In the manufacture of microelectronic devices, various microelectronic components are electrically joined together into circuits using metal alloy solders. Such solders are generally alloys of tin (Sn) and lead (Pb), but can comprise other metal components. The metal alloy solder is generally optimized for bulk properties that control the thermal behavior of the solder. For example, the melting temperature of Sn/Pb solder is controlled by adjusting the relative amounts of tin and lead in the solder. The minimum melting temperature of a Sn/Pb alloy is achieved when the ratio by weight of Sn to Pb in the solder is 63:37. This is called the eutectic composition.
A solder that is homogenous across its mass and optimized for bulk properties does not take into account the desirable surface properties of the solder. Therefore, solder compositions that are optimized for bulk behavior are not necessarily optimized in terms of surface properties. Such surface properties control wetting to metal surfaces, reactivity with organic materials such as fluxes, and the melting point of the surface layer. Such surface properties depend upon both the chemical composition of the solder and the physical characteristics of the surface. For instance, a rough surface may have more surface area for holding flux than a smooth surface.
For some applications, it is desirable to use bulk solder alloys at other than the eutectic composition. For example, Controlled Collapse Chip Connection (C4) solder balls, which are used to join Integrated Circuit (IC) chips to chip carriers, are typically Pb-rich in the range of 90% to 97% Pb. Because Pb-enriched solders have higher melting temperatures, the solder joint between the chip and the chip carrier maintains its shape throughout subsequent assembly of the chip carrier (with chip attached) to another electrical component such as a printed circuit board. The Pb-enriched solders also require higher temperatures, however, to fuse them to metal surfaces such as copper pads on chip carriers. Thus, organic laminate chip carriers having copper joining pads may be exposed to undesirable high temperatures during joining processes.
A tradeoff results: without further treatment, the benefit of using a Pb-enriched metal alloy solder that maintains its shape at high temperatures is offset by the need for a high fusing temperature. Such high fusing temperatures can be avoided by applying a eutectic solder to the joining pads on the organic laminate chip carrier. To ensure proper fusing at every joint, however, the height of the applied eutectic solder layer must be controlled within very narrow limits, a requirement that is difficult to satisfy.

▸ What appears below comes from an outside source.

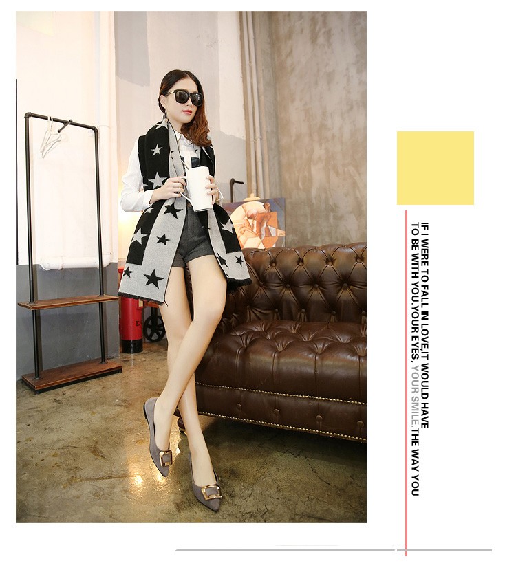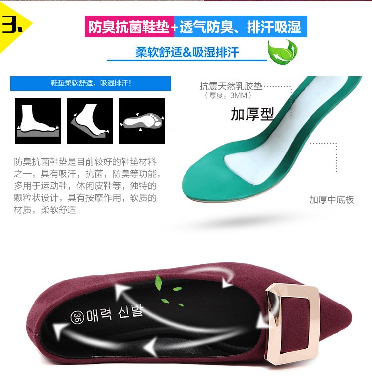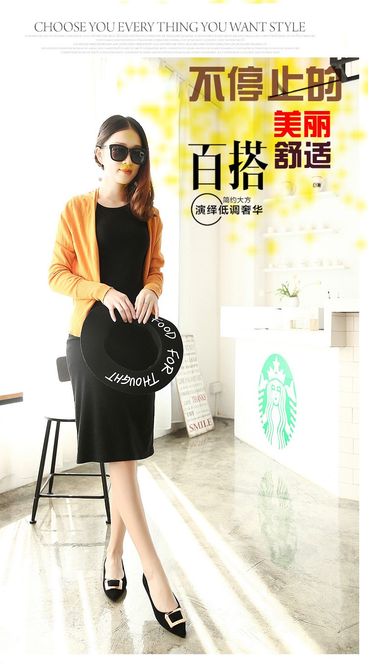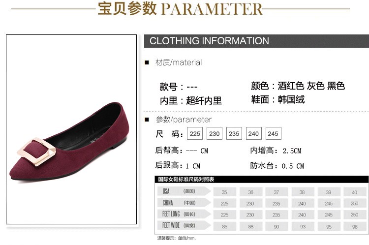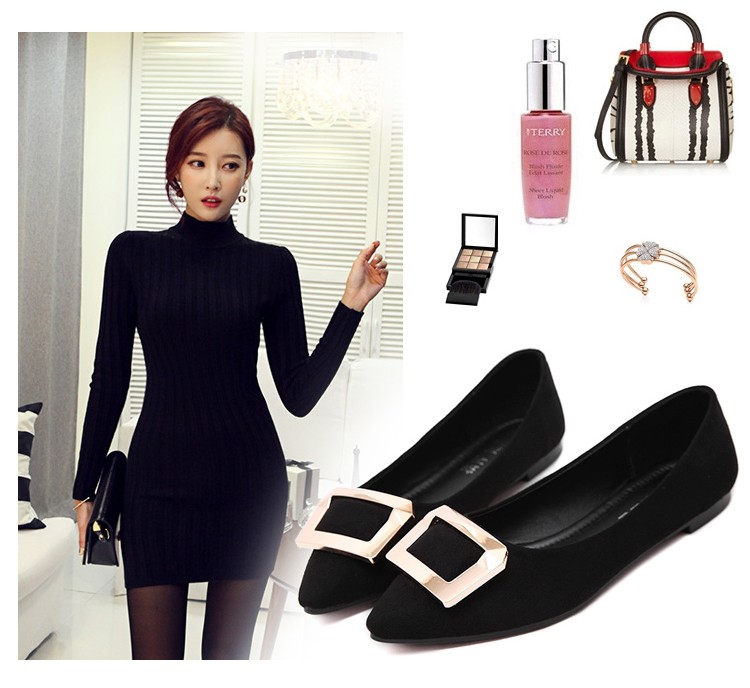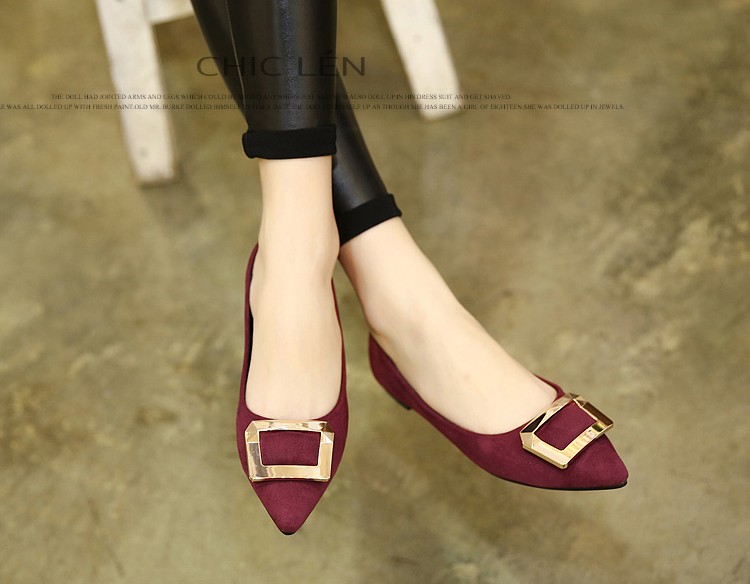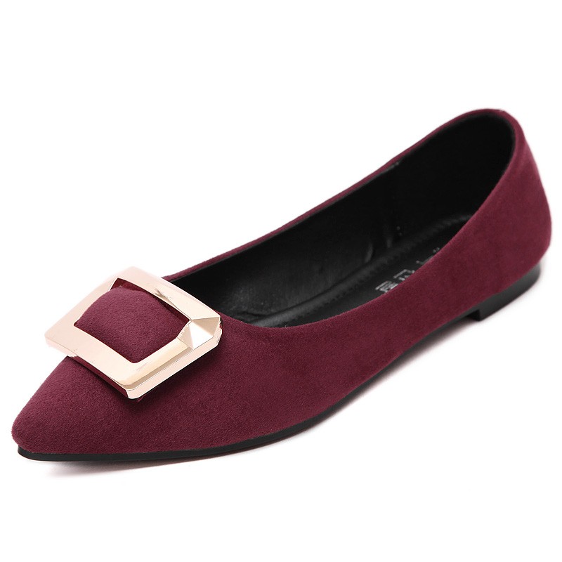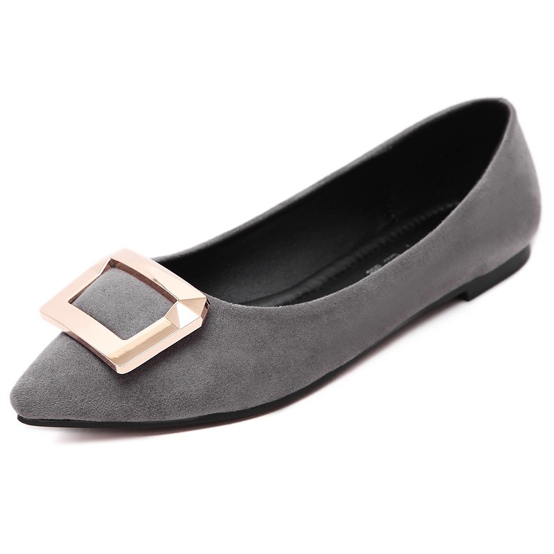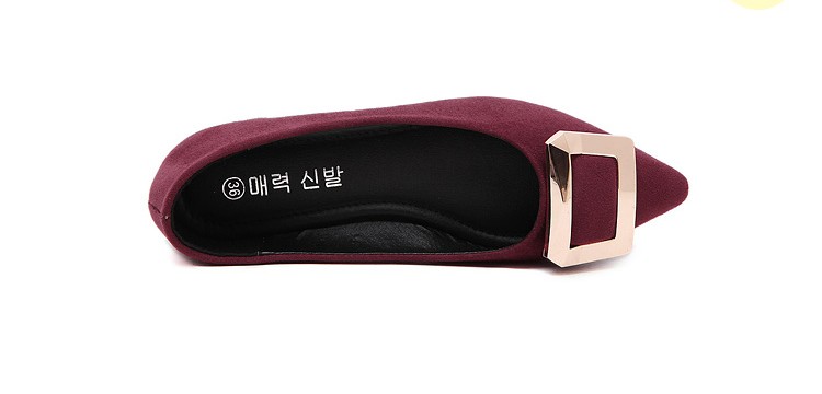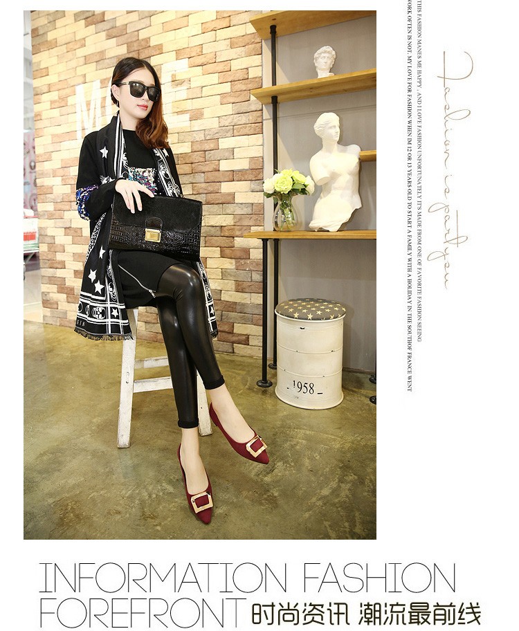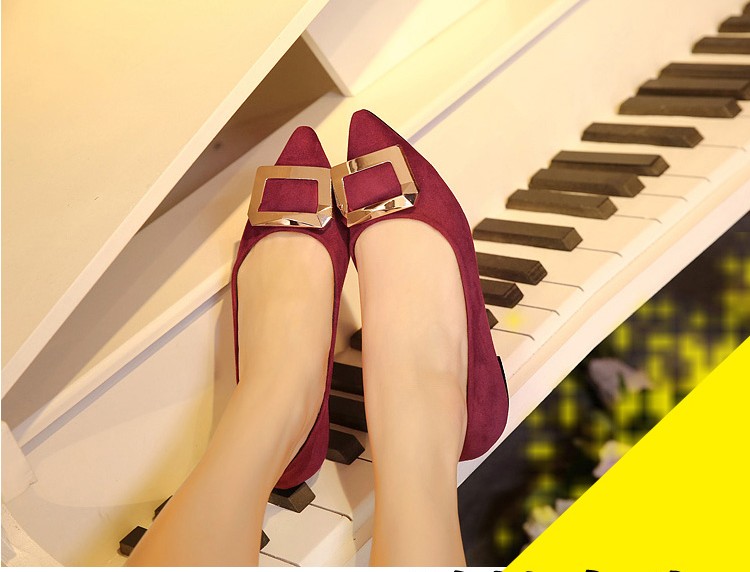 2017春秋新款尖头绒面平底鞋浅口方扣平跟女单鞋

Another modification that retains high temperature stability while providing low temperature fusing comprises placement of an additional layer or cap of tin or other low melting point metal on the surface of the Pb-enriched solder, as described in U.S. Pat. No. 5,634,268 and U.S. Pat. No. 5,729,896 and assigned to the common assignee of the present invention. Such a cap enables the bulk solder to retain its desirable high-temperature resistance while providing a surface layer capable of fusing at low temperatures.
The present invention proposes an alternative process for providing a solder surface layer capable of fusing at low temperatures while maintaining the bulk solder properties. It is an object of the present invention to provide a process for altering the chemical composition and physical characteristics of a metal alloy solder surface without adding an additional metal layer. It is a further object of the present invention to provide a process for altering the surface characteristics of a metal alloy solder simultaneously with roughening the surface of the substrate to which the solder is connected.